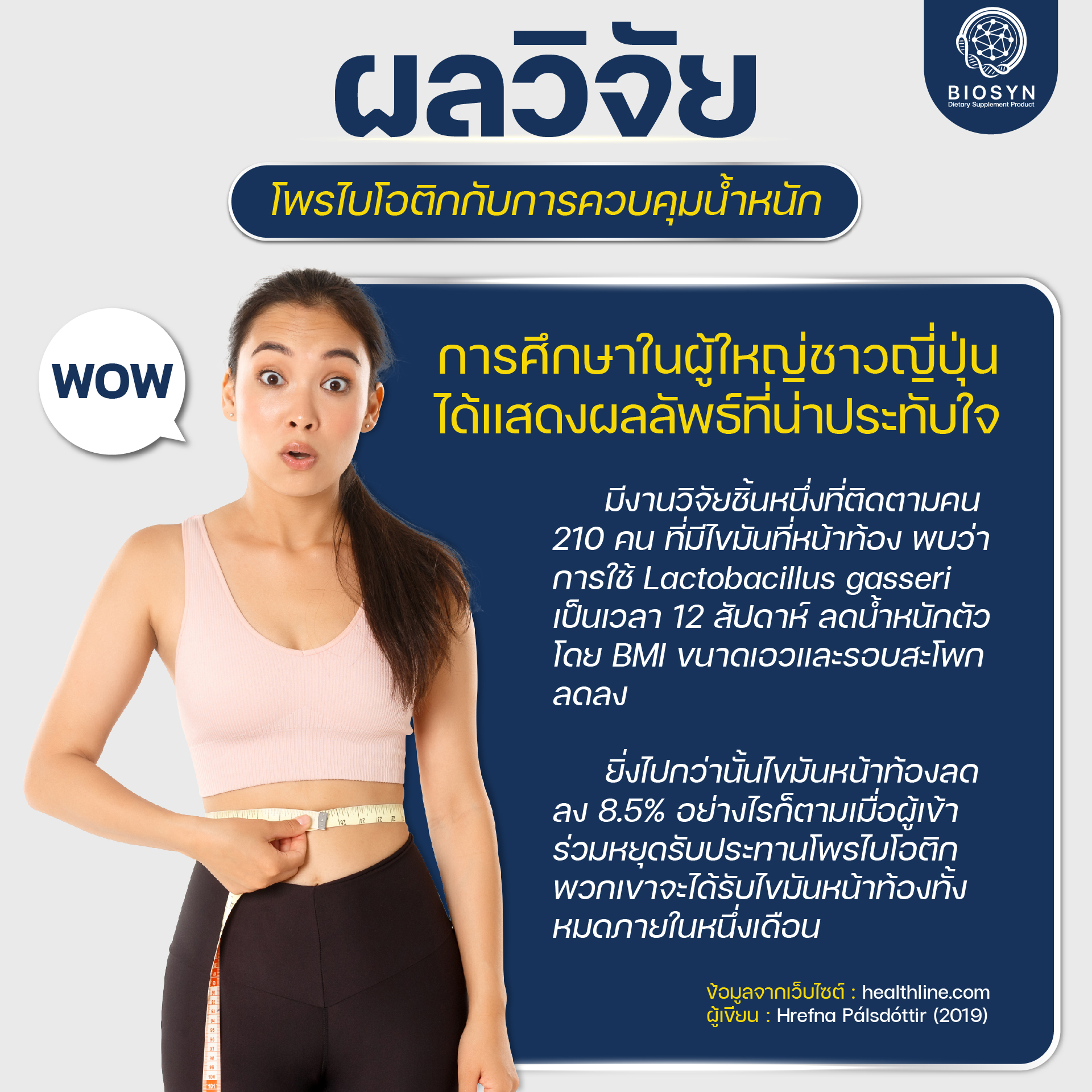 เริ่มต้นเป็นสาย Healthy ด้วยแนวทางปรับสมดุลสุขภาพช่องท้องและลำไส้ ซึ่งใน BioSyn ซินไบโอติกมีโพรไบโอติกจุลินทรีย์ดี 15 สายพันธ์ุ + พรีไบโอติก หนึ่งในนั้นมีสายพันธ์ุที่ช่วยเรื่องของการลดน้ำหนัก Lactobacillus Gasseri, Lactobacillus reuteri, Lactobacillus sakei ส่งผลต่อการเผาผลาญและการควบคุมน้ำหนัก
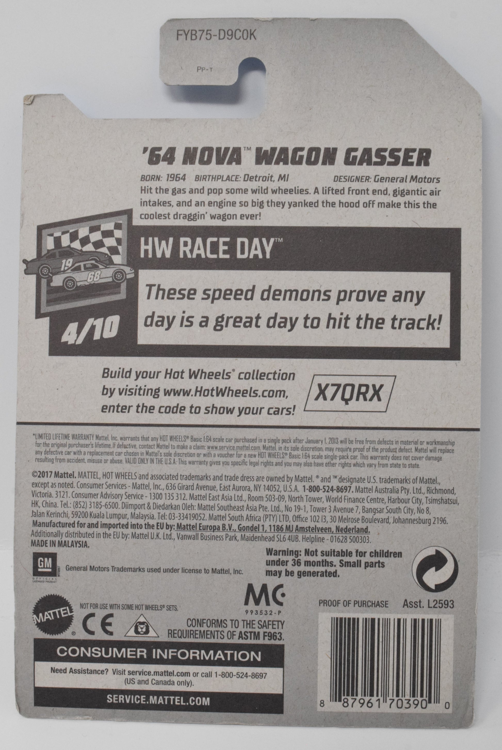 Hot Wheels 64 Nova Wagon Gasser Blue HW Race Day Blue 4/10 198 DieCast Car
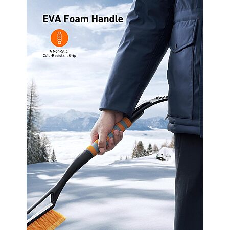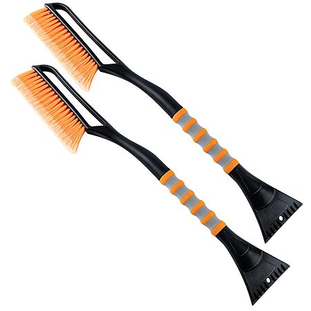 $16.99*:AstroAI 2 Pack 27" Snow Brush and Ice Scrapers for Car Windshield, Detachable Snow Scrapers with Ergonomic Foam Grip (Heavy Duty ABS, PVC Brush, Orange)
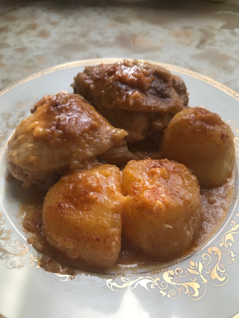 Turn over and do the same to bottom half. Sprinkle each thigh with sweet paprika (1 tsp per thigh). Drop potatoes into pan, keeping everything level. If food is doubled up, it won’t cook evenly. Add salt and pepper to mix. Add 2-3 cups water and cover. Turn down flame, cover and simmer for 30 minutes. Take off cover and turn chicken pieces over so tops brown. Add 2 Tbsp flour, stir and simmer for extra 5 minutes until gravy forms. Cover potatoes and chicken with gravy and plate. Sprinkle with paprika before serving. This is basically more “brown food” but it’s soft and a great comfort food for those chilly fall nights.
__________________________________________________
Word for word, please, restate the lines of the listing from the one holding "Hot Wheels 64" down to the last line, leaving out any pictures.

→ **Result**
 Hot Wheels 64 Nova Wagon Gasser Blue HW Race Day Blue 4/10 198 DieCast Car
 $16.99*:AstroAI 2 Pack 27" Snow Brush and Ice Scrapers for Car Windshield, Detachable Snow Scrapers with Ergonomic Foam Grip (Heavy Duty ABS, PVC Brush, Orange)
 Turn over and do the same to bottom half. Sprinkle each thigh with sweet paprika (1 tsp per thigh). Drop potatoes into pan, keeping everything level. If food is doubled up, it won’t cook evenly. Add salt and pepper to mix. Add 2-3 cups water and cover. Turn down flame, cover and simmer for 30 minutes. Take off cover and turn chicken pieces over so tops brown. Add 2 Tbsp flour, stir and simmer for extra 5 minutes until gravy forms. Cover potatoes and chicken with gravy and plate. Sprinkle with paprika before serving. This is basically more “brown food” but it’s soft and a great comfort food for those chilly fall nights.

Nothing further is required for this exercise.